Self-Help International (SHI) devotes its efforts to alleviating world hunger and poverty by providing opportunities to rural citizens that ultimately lead to self-reliance. Since its inception, Self-Help has served as a vessel; training, education, and opportunities are provided to rural citizens and whole communities in developing countries so that they can have better lives. MISSION STATEMENT: To alleviate hunger by helping people help themselves. SELF-HELP'S INITIATIVE Educate: We educate the people of the United States to understand the problems of life in developing countries particularly the awareness of the perpetual struggle by millions to produce and distribute food to battle p...
May 3, 2013

The many successes of Petronila

Petronila Chavez Toledo
Petronila Chavez Toledo

Petronila Chavez Toledo is 43-years-old. She is from Carazo, but around 20 years ago she moved to Melchorita where she lives near the primary school. Petronila has three children - one boy and two girls - all in high school. Her husband, Víctor José Chavez, is a farmer and harvests corn, watermelon and beans.
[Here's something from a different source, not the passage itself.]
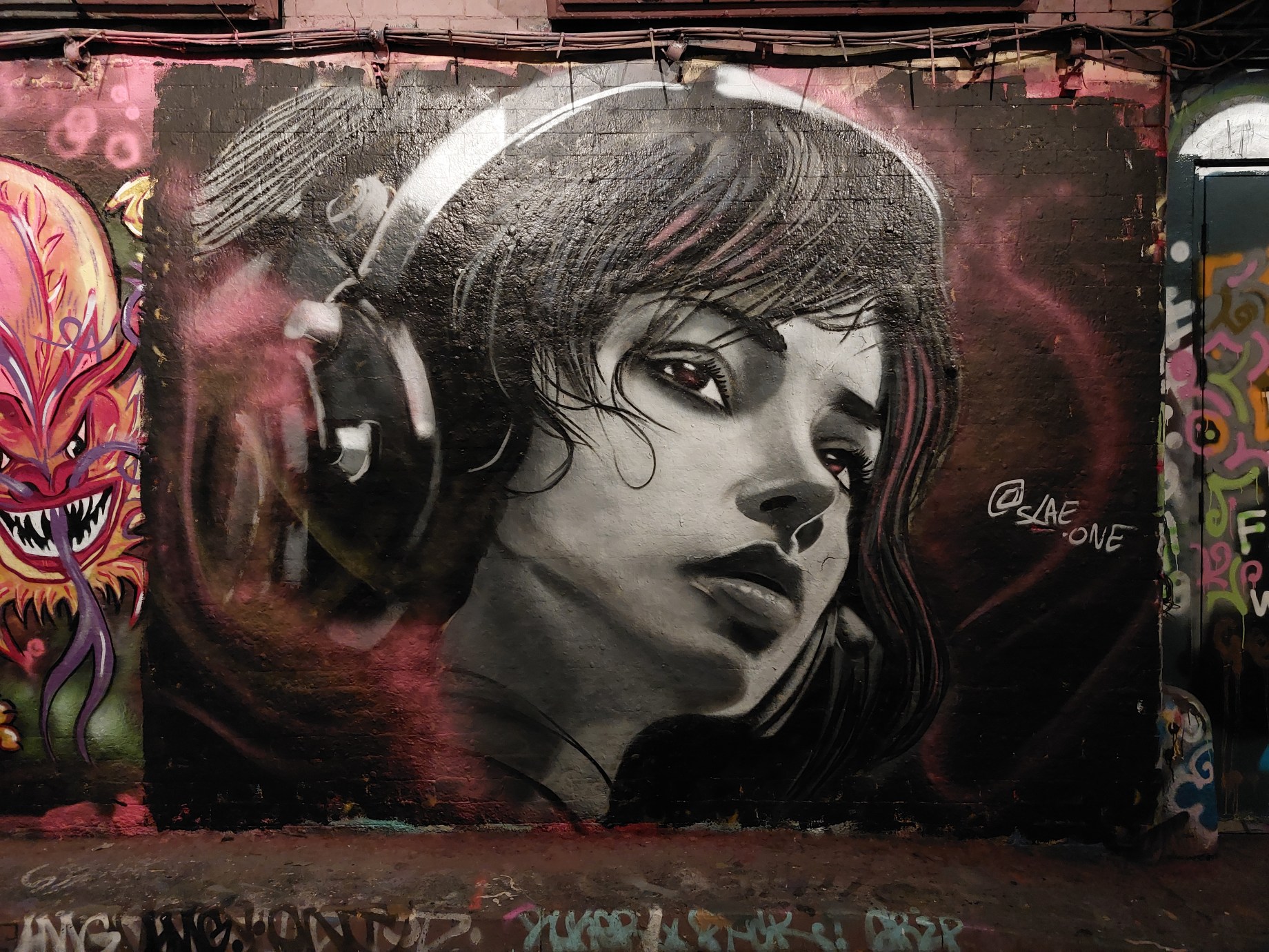 The other day whilst up town we took a little detour to Leake Street where among the constant turnover of new pieces we were fortunate enough to catch three fresh works from Slae, someone it is fair to say is probably currently London’s most prolific graffiti writer and street artist – you will be hard pushed to not see work of his in Leake Street if you pass there at any point. Of the three works below we have a trio realistic portraits from Slae, including one collaboration with graffiti writer Beatfox. It is impressive to see how Slae is constantly honing his skills and upping his game, this is achieved by the sheer range of subjects he is painting these days, be it portraiture and characters, letter works or entire scenes.

Petronila got her first loan from Self-Help International in December 2009 for $150. She used the loan to purchase the basic supplies and materials needed to bake bread. In 2012 she received a second loan of $100. She used the funds to purchase limes, corn, beans, eggs, plantain, bananas and more to sell in San Carlos every Thursday and Friday which are good business days in the city.

Petronila paid her loan in the same year and she was able to secure her third loan of $127. This money helped her husband purchase proper supplies used to harvest one quarter of a Manzana of watermelon. A manzana is a Central American unit of area. One Manzana equals 1.68 acres. When the crop was ready, Petronila took the watermelon to San Carlos to sell. The watermelon sales were very successful and allowed her to pay the third loan almost immediately.

In March 2013 she got her fourth loan of $130 dollars and this money was used for the restoration of her oven. See the photos of her baking bread in the oven both before and after it had been restored.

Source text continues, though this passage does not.